Networking & Protocols NET · 08 · 04

WebSocket backpressure: when clients can''''t keep up

How slow clients fill TCP windows, bloat application send queues, and crash servers — and the high-water-mark pattern that prevents it.

NET Middle ◷ 12 min

Level

FoundationsJuniorMiddleSenior

Your WebSocket broadcast server handles 10,000 clients fine during testing. In production, 100 clients on slow mobile connections start lagging behind. The server’s memory climbs. GC pauses lengthen. Then the OOM killer fires and takes down the entire service. This is the canonical WebSocket failure mode — and it has nothing to do with the protocol.

The TCP receive window, from the application’s view

Before you can fix a backpressure incident, you need to understand exactly where the pressure builds — from the application queue all the way down to the kernel buffer. When you see memory climbing and GC pauses growing, this is the chain that explains why.
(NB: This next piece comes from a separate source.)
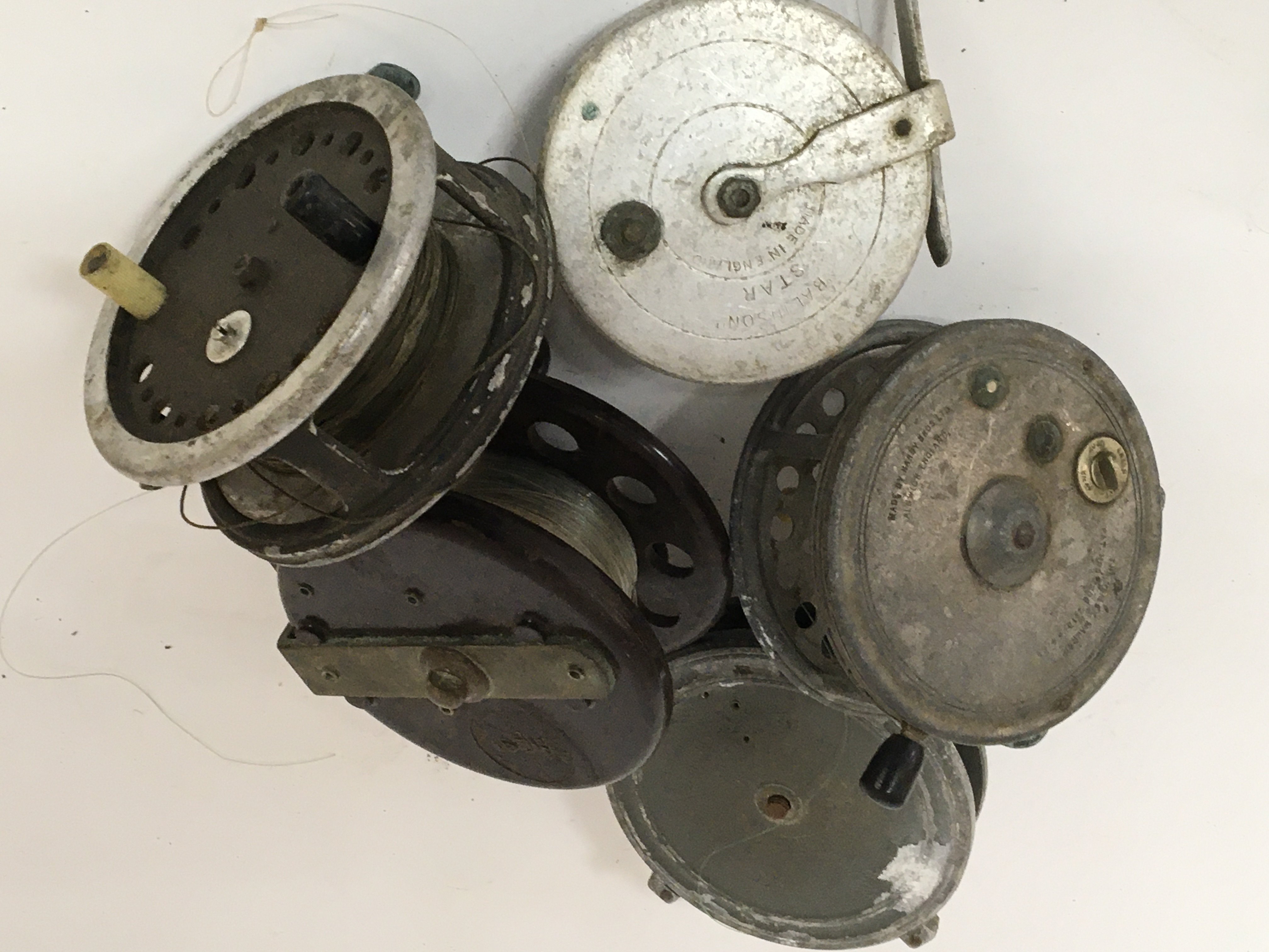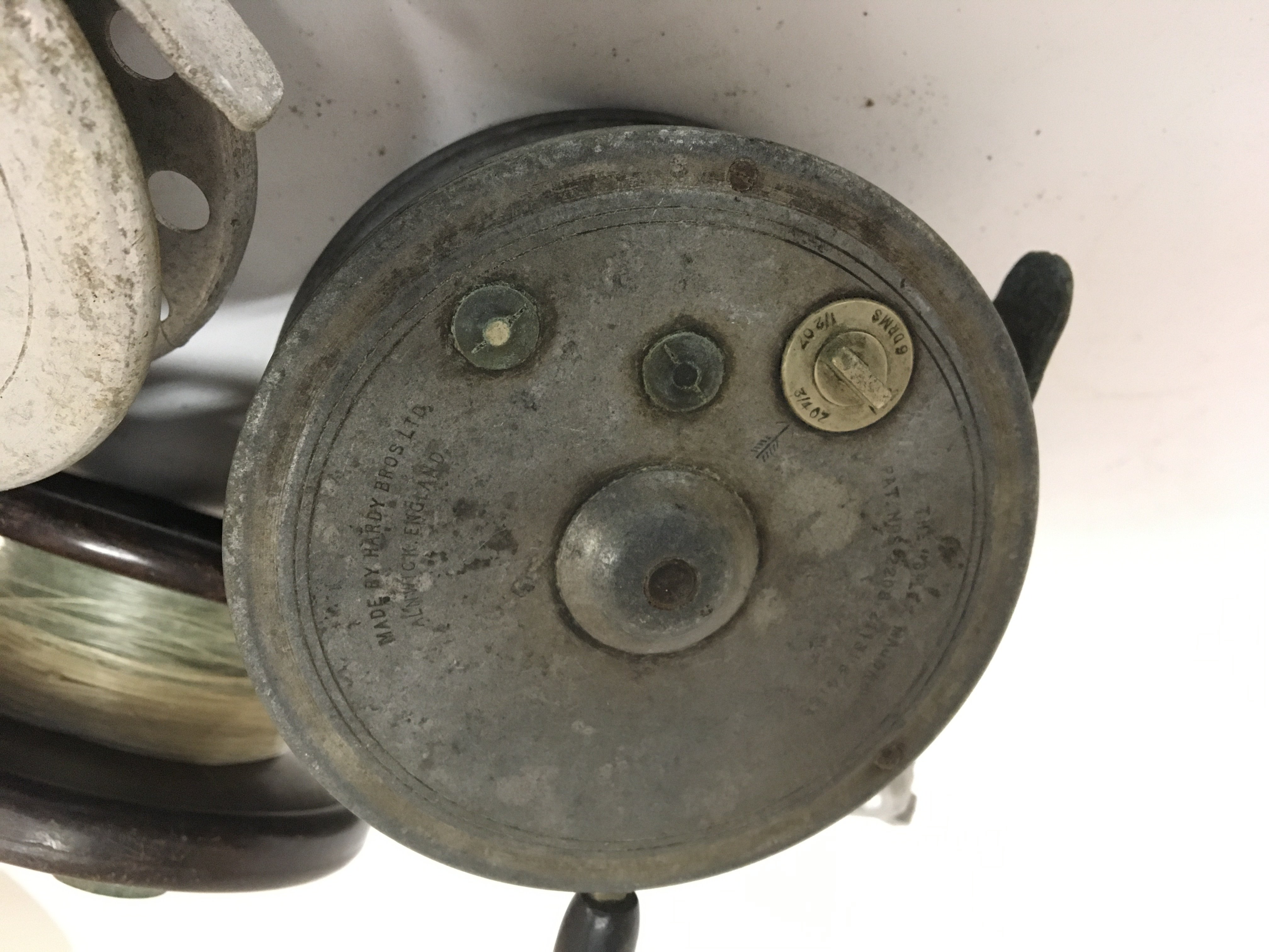 A Vintage Hardy Brothers of Alnwick fishing reel The Silex Major other vintage fishing reels a box of fishing tackle and oddments and split cane fishing rod

TCP gives every socket a receive window — the number of bytes the receiver can accept before the sender must pause. As the application on the receiving end reads bytes, the window opens; as it falls behind, the window shrinks to zero and the sender stalls.

From the server’s perspective:

Server calls send(socket, message).
The kernel copies the message to the socket’s send buffer.
TCP transmits from the send buffer, subject to the client’s advertised receive window.
If the client’s window is zero (its read buffer is full), TCP stops transmitting.
The kernel’s send() call blocks if the send buffer is full, or returns EAGAIN in non-blocking mode.

For a broadcast server with thousands of clients, this creates a critical asymmetry: fast clients drain their buffers in milliseconds; slow clients leave the server’s bytes sitting in kernel send buffers, and when those buffers fill, the server is stuck.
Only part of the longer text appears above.